14. An audio encoding method comprising: generating spectral envelopes (EnvE 1 , EnvE 2 , EnvE 3 ) on the basis of a time frame of a frequency-domain representation of a first audio signal (E 1 ) and at least one further audio signal (E 2 , E 3 ), wherein the first audio signal and the at least one further audio signal correspond to signals in a spatial sound field captured by an array of three or more microphones; determining first rate allocation data indicating, in a collection of predefined quantizers, quantizers for respective frequency bands of the first audio signal; determining second rate allocation data indicating, in a collection of predefined quantizers, quantizers for respective frequency bands of the at least one further audio signal; quantizing the first audio signal and the at least one further audio signal using the quantizers indicated by the first and second rate allocation data, thereby obtaining signal data (DataE 1 , DataE 2 E 3 ); and forming a bitstream (B) comprising the spectral envelopes, the signal data and the first and second rate allocation data, the method comprising the further step of computing a reference level (EnvE 1 Max) by mapping the spectral envelope of the first audio signal under a predefined non-zero functional, wherein: the first rate allocation data are determined by evaluating a predefined first allocation rule (R 1 ), by which the first rate allocation data, the spectral envelope of the first audio signal and said reference level determine the quantizers for the first audio signal; and the second rate allocation data are determined by evaluating a predefined second allocation rule (R 2 ), by which the second rate allocation data, the spectral envelope of the at least one further audio signal audio signal and said reference level determine the quantizers for the at least one further audio signal.

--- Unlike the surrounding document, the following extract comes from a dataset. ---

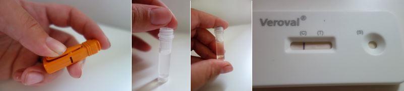 Provedení testu nebylo náročné a postup mi vyhovoval. Připravíte si nádobku s roztokem, otevřete ji. Kapku krve naberete do skleněné kapiláry (malá trubička), kterou pak jen vložíte do nádobky s roztokem, zavřete, protřepete – krev s roztokem se smíchá, naberete pipetou a kápnete do políčka testovací kazety. Za 10 minut máte výsledek.

15. A multichannel audio decoding method, comprising: receiving spectral envelopes (EnvE 1 , EnvE 2 , EnvE 3 ) of a first audio signal and of at least one further audio signal, signal data of the first (DataE 1 ) and further (DataE 2 E 3 ) audio signals, and first and second rate allocation data, wherein the first audio signal and the at least one further audio signal correspond to signals in a spatial sound field captured by an array of three or more microphones; indicating, in a collection of predefined inverse quantizers, inverses quantizers for respective frequency bands of the first audio signal and inverse quantizers for respective frequency bands of the at least one further audio signal; and reconstructing the frequency bands of the first and further audio signals based on the signal data and using the indicated inverse quantizers, the method comprising the further step of computing a reference level (EnvE 1 Max) by mapping the spectral envelope of the first audio signal under a predefined non-zero functional, wherein said indication of inverse quantizers includes applying a first rate allocation rule (R 1 ), by which the first rate allocation data, the spectral envelope of the first audio signal (EnvE 1 ) and said reference level (EnvE 1 Max) determine the inverse quantizers for the first audio signal, and further applying a second rate allocation rule (R 2 ), by which the second rate allocation data, the spectral envelopes of the at least one further audio signal (EnvE 2 , EnvE 3 ) and said reference level (EnvE 1 Max) determine the inverse quantizers for the at least one further audio signal.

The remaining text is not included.